» **Work to complete**
Transcribe word for word the section of the records below that opens with the line containing "Glass ionomer cement is" and closes with the line containing "4:25分,保安發(fā)現"; drop every picture.

» **Data supplied**
((
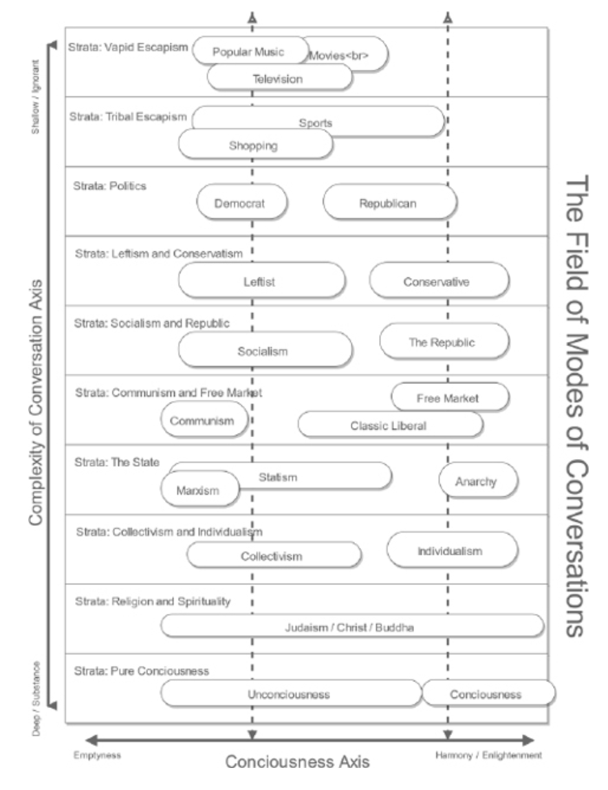 I found Bagot's use of a Tilda (~) to introduce the ten Modes of Conversation to be intriguing. As I read, I form testable judgments by comparing my assumptions as I read (we all do a similar type of thing). The Tilda symbol next to each Strata level suggested to me that the boundaries were fluid, akin to the divisions of the Triune brain, which are not physical barriers in the brain but rather imaginary lines that distinguish one area of the brain from another. Given that I was only a few pages into the book, my speculation was that Sam was attempting to convey this idea. Let's proceed to explore further. Figure 1.1, the first figure in the book, will serve as our starting point.
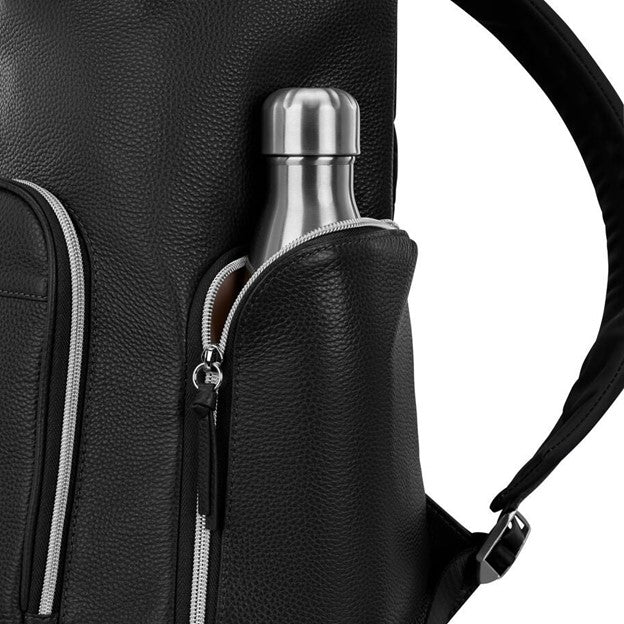 Crafted from supple pebbled leather, the Deluxe Leather Backpack effortlessly supports your dynamic lifestyle while elevating your look. It features padded laptop and tablet sleeves, a spacious front pocket, two side zippered pockets for your water bottle or umbrella, and comfortable shoulder straps. Finished with minimalist details and subtle branding, it beautifully blends style and everyday function. The built-in StackIt™ strap adds ease to your commuting and travel.
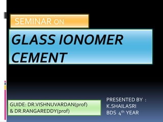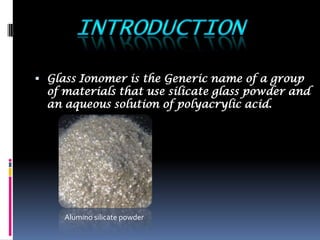 Glass ionomer cement is a dental restorative material that uses glass powder and an aqueous solution of polyacrylic acid. It has several advantages like adhesion to tooth structure, biocompatibility, and continuous fluoride release. Glass ionomer cement has applications as luting agents, restorative materials, liners, and bases. It has adequate physical properties for these uses but is more brittle than other restorative materials.
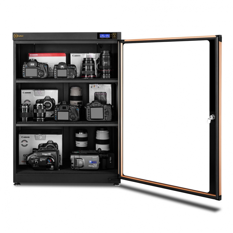 Ưu điểm nổi bật hơn các sản phẩm cùng loại trên thị trường: trang bị sẵn hệ thống đèn LED chiếu sáng bên trong tủ (có thể điều chỉnh tắt/bật được theo ý muốn), trên mỗi khay có 1 lớp mút mềm để bảo quản tốt hơn máy ảnh, ống kính đắt tiền, đèn hiển thị tủ đang trong quá trình hút ẩm hoặc đang ở trạng thái nghỉ.
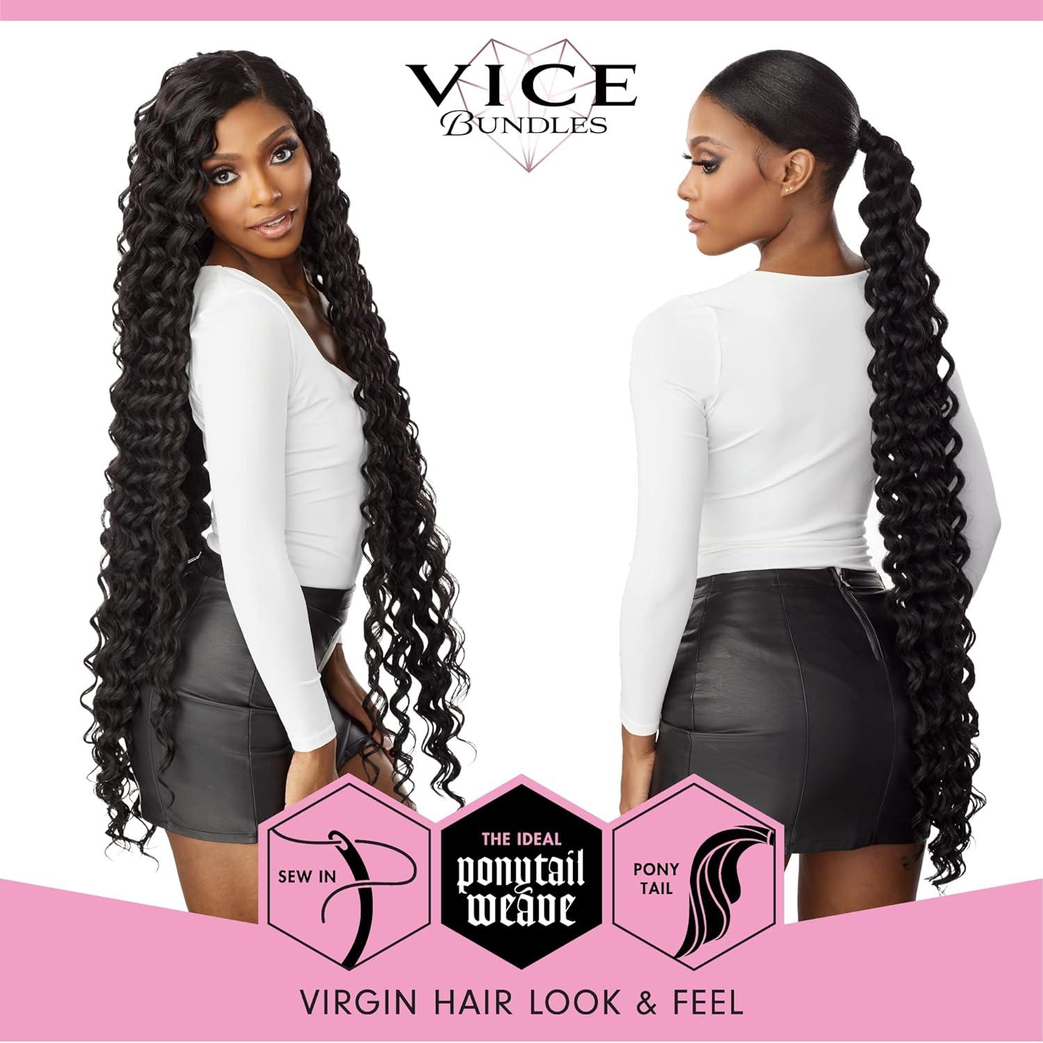 Vice Bundle hair by Sensationnel is a synthetic fiber virgin hair dupe weave and pony tail. It's the virgin hair likeness texture that is great for sew-in hairstyles and ideal for ponytails. Vice Bundle is available in four affordable styles-body wave, crimp, deep, and straight, Deep twist, Boho curl styles and comes in a variety of long lengths 24, 30, and 36 inches. Vice Bundle is available in basic and solid colors and is used for sew-in quick weave ponytail pony wrap hair styles.
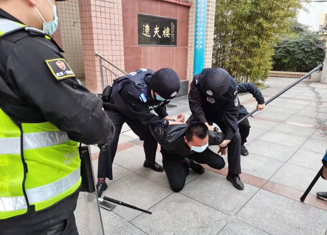 4:25分,保安發(fā)現(xiàn)持刀暴恐分子試圖闖入校園,先期阻攔其進(jìn)入并迅速報(bào)告學(xué)工處,學(xué)工處立即向應(yīng)急指揮組責(zé)任人衛(wèi)月琴副校長(zhǎng)報(bào)告相關(guān)情況,并第一時(shí)間撥打“110”報(bào)警。所有防暴組成員持器械立刻到校門廣場(chǎng),據(jù)守對(duì)應(yīng)樓道,阻止暴恐分子進(jìn)入逸夫樓或教學(xué)樓。余家頭派出所民警接警后迅速趕到現(xiàn)場(chǎng),大家一起最短時(shí)間制服了暴恐分子。
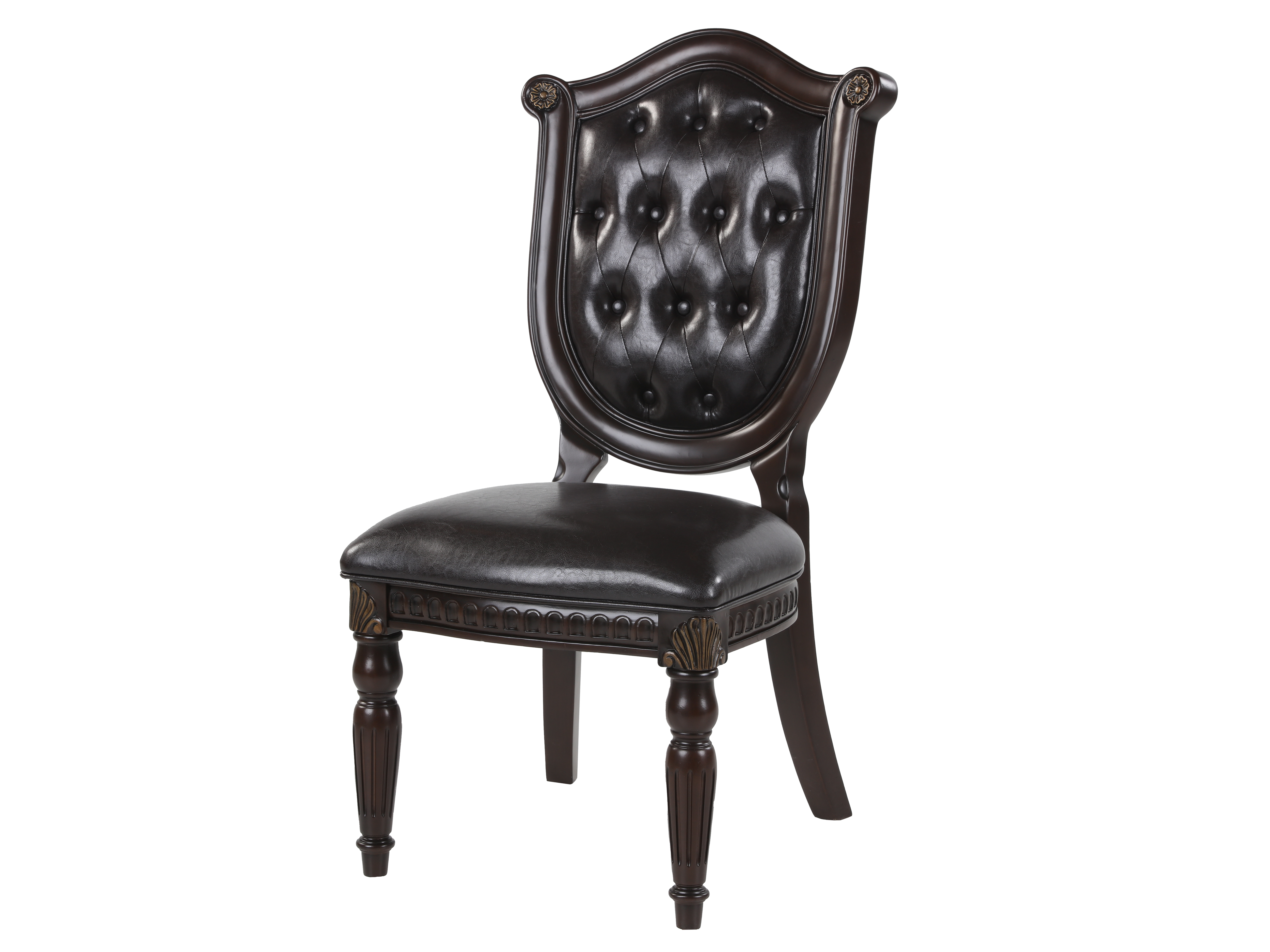 Four matching side chairs echo the same classic European look, with shield-shaped backs, deep button-tufted faux-leather upholstery, and turned front legs. The cushioned seats provide lasting comfort for long meals and conversation, and the easy-care PU upholstery wipes clean in seconds.
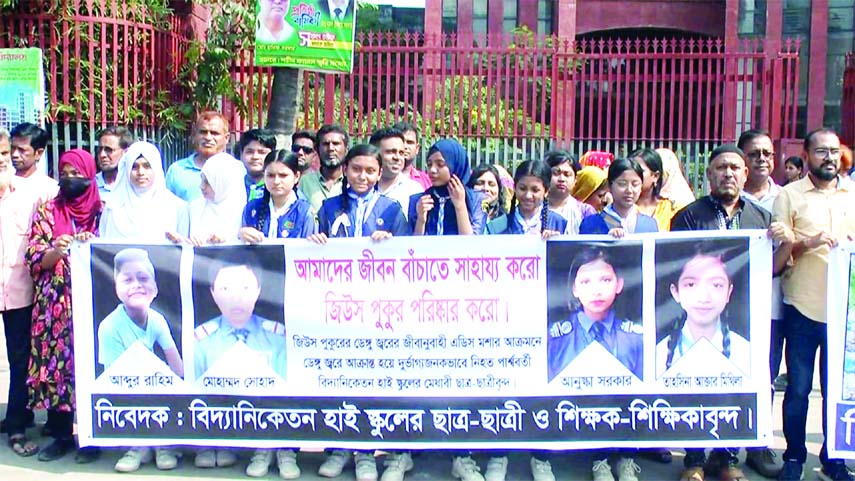 Staff Correspondent : Students from various educational institutions in Narayanganj formed a human chain holding photos of their classmates who died or were injured from...
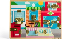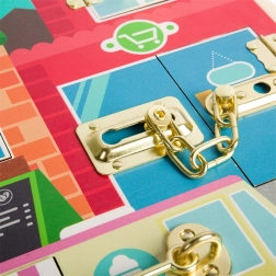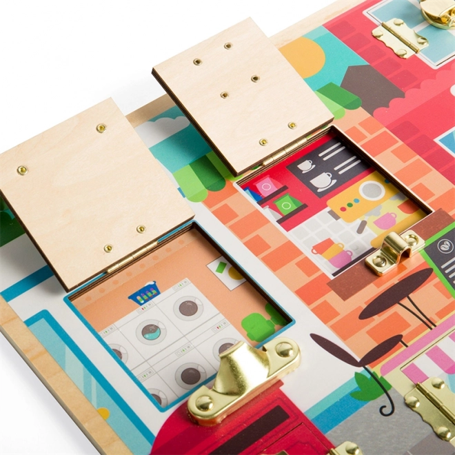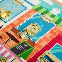 Această placă motrică din lemn, de calitate, în stil Montessori, oferă copiilor un spațiu sigur pentru exersarea prinderii, răbdării și rezolvării de probleme. În spatele fiecărei ușițe cu alt tip de sistem de închidere se află o scenă colorată (spălătorie, bucătărie, cafenea și altele) care motivează explorarea și întărește imaginația.
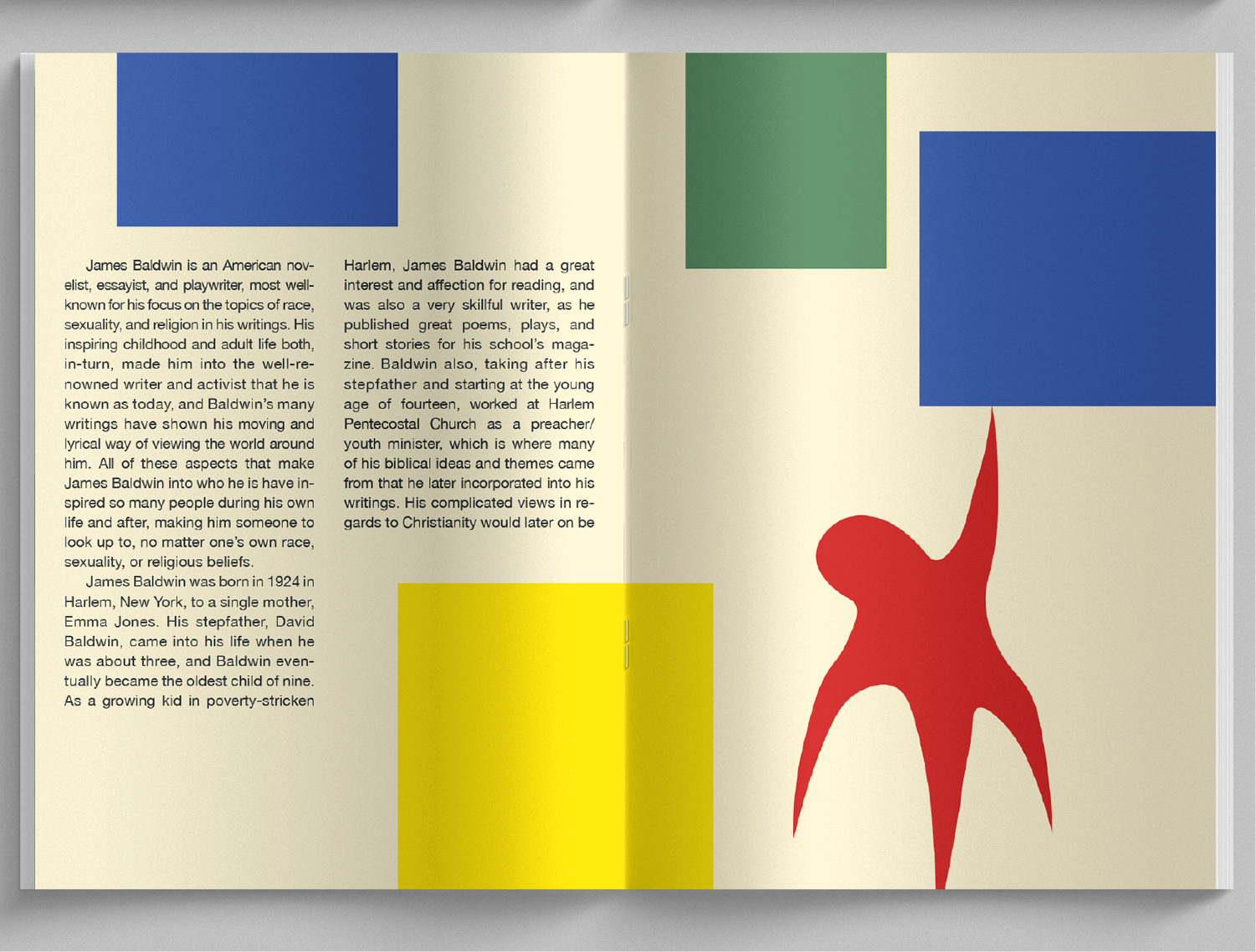 This brochure was a student project consisting of writing a short biography on our favorite historical figure then creating a brochure spread to go along with the text. The goal was to design an interesting layout using a grid system while incorporating some sort of imagery throughout. I chose James Baldwin and took inspiration from the Harlem renaissance and jazz music. I wanted to keep the layout and imagery simple, while creating a dynamic composition.
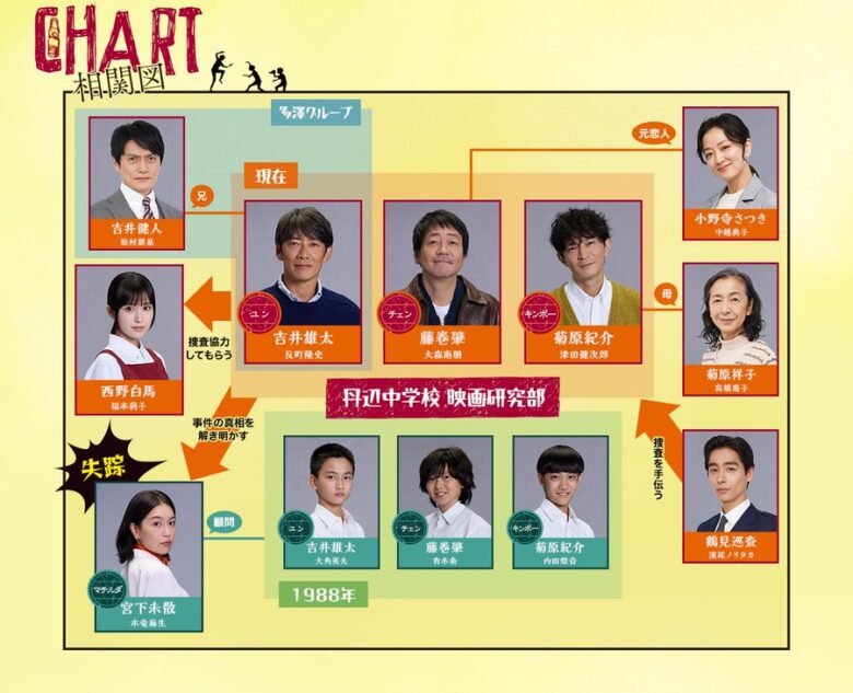 1988年、中学時代は映画研究部でカンフー映画制作に夢中だった彼らも、今や51歳。「こんなはずじゃなかった」と三者三様に人生に行き詰まりを感じていた…。そんなある日、「丹辺市の建設現場から人骨発見」のニュースが!
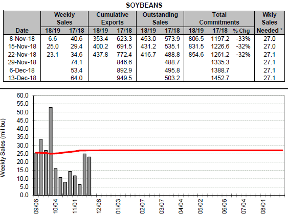Mais : super belle semaine, mieux que prévu même. D’ailleurs c’est une belle progression depuis un mois. Après avoir stallé en octobre c’est bien de voir l’export revenir en force. Le commitment est rendu à 1 milliard de boisseaux, en hausse de 16% par rapport au volume de l’an passé à la même date.
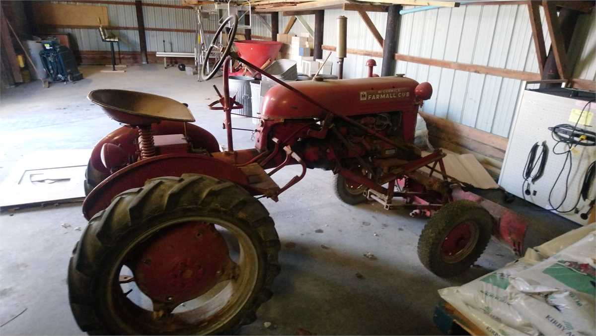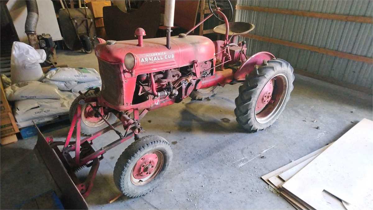 IH farmall cub McCormick tractor with 54" snow blade, does run it is 6 volt system.
))
» **Exercise result**
 Glass ionomer cement is a dental restorative material that uses glass powder and an aqueous solution of polyacrylic acid. It has several advantages like adhesion to tooth structure, biocompatibility, and continuous fluoride release. Glass ionomer cement has applications as luting agents, restorative materials, liners, and bases. It has adequate physical properties for these uses but is more brittle than other restorative materials.
 Ưu điểm nổi bật hơn các sản phẩm cùng loại trên thị trường: trang bị sẵn hệ thống đèn LED chiếu sáng bên trong tủ (có thể điều chỉnh tắt/bật được theo ý muốn), trên mỗi khay có 1 lớp mút mềm để bảo quản tốt hơn máy ảnh, ống kính đắt tiền, đèn hiển thị tủ đang trong quá trình hút ẩm hoặc đang ở trạng thái nghỉ.
 Vice Bundle hair by Sensationnel is a synthetic fiber virgin hair dupe weave and pony tail. It's the virgin hair likeness texture that is great for sew-in hairstyles and ideal for ponytails. Vice Bundle is available in four affordable styles-body wave, crimp, deep, and straight, Deep twist, Boho curl styles and comes in a variety of long lengths 24, 30, and 36 inches. Vice Bundle is available in basic and solid colors and is used for sew-in quick weave ponytail pony wrap hair styles.
 4:25分,保安發(fā)現(xiàn)持刀暴恐分子試圖闖入校園,先期阻攔其進(jìn)入并迅速報(bào)告學(xué)工處,學(xué)工處立即向應(yīng)急指揮組責(zé)任人衛(wèi)月琴副校長(zhǎng)報(bào)告相關(guān)情況,并第一時(shí)間撥打“110”報(bào)警。所有防暴組成員持器械立刻到校門廣場(chǎng),據(jù)守對(duì)應(yīng)樓道,阻止暴恐分子進(jìn)入逸夫樓或教學(xué)樓。余家頭派出所民警接警后迅速趕到現(xiàn)場(chǎng),大家一起最短時(shí)間制服了暴恐分子。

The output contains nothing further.